==== Recorded data

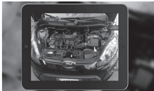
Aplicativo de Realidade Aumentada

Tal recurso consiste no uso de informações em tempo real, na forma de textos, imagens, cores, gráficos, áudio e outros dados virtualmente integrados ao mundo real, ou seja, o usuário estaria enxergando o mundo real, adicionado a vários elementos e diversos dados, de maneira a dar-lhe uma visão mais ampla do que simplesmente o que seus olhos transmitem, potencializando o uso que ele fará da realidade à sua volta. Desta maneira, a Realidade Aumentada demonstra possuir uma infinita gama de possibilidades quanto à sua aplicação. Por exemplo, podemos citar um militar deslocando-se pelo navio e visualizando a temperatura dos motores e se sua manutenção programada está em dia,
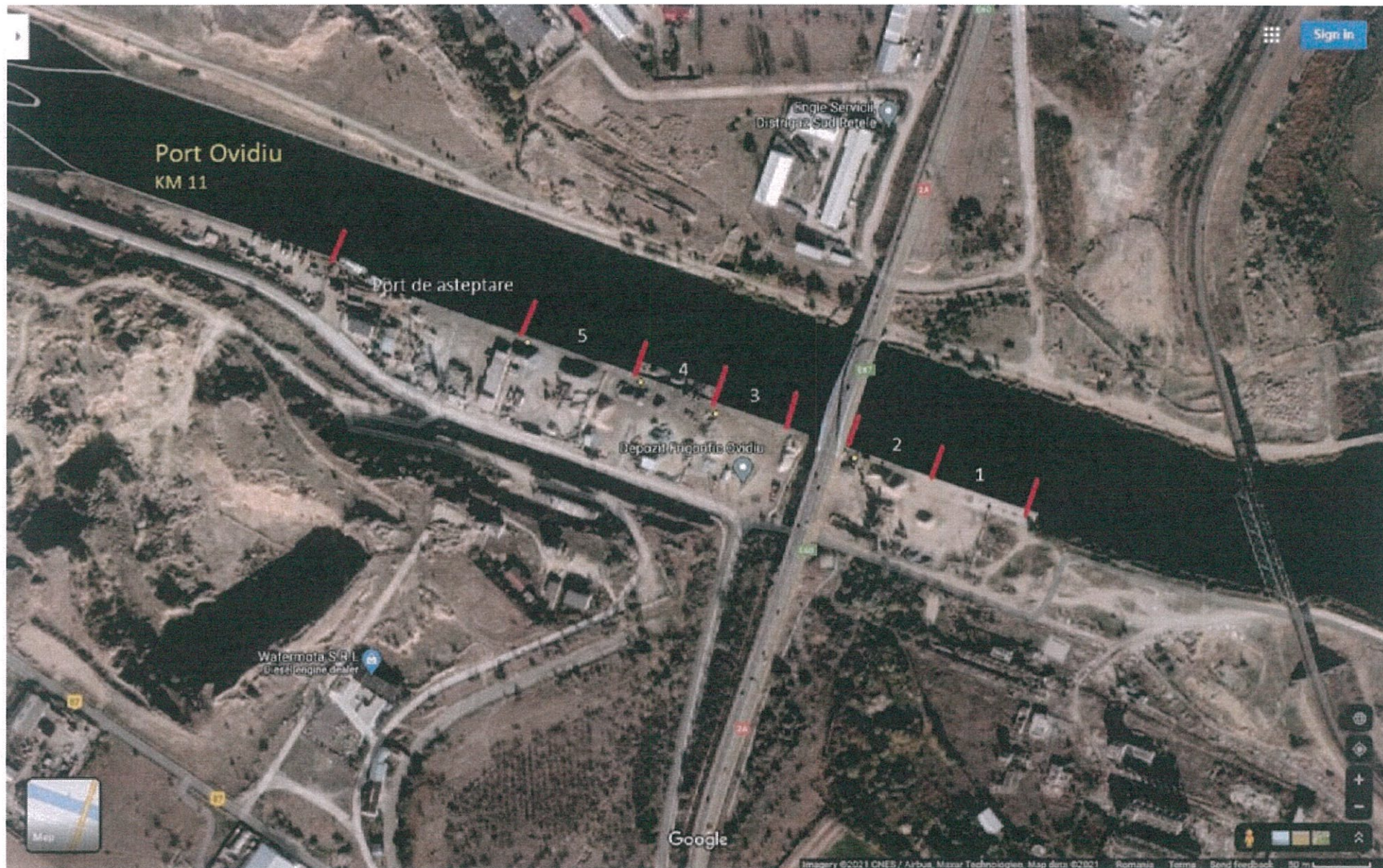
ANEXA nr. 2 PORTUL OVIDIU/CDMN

========

● **What you have to do**:
Reproduce the full listing above verbatim, with no pictures included.

● **Response to the task**:
Aplicativo de Realidade Aumentada

Tal recurso consiste no uso de informações em tempo real, na forma de textos, imagens, cores, gráficos, áudio e outros dados virtualmente integrados ao mundo real, ou seja, o usuário estaria enxergando o mundo real, adicionado a vários elementos e diversos dados, de maneira a dar-lhe uma visão mais ampla do que simplesmente o que seus olhos transmitem, potencializando o uso que ele fará da realidade à sua volta. Desta maneira, a Realidade Aumentada demonstra possuir uma infinita gama de possibilidades quanto à sua aplicação. Por exemplo, podemos citar um militar deslocando-se pelo navio e visualizando a temperatura dos motores e se sua manutenção programada está em dia,
ANEXA nr. 2 PORTUL OVIDIU/CDMN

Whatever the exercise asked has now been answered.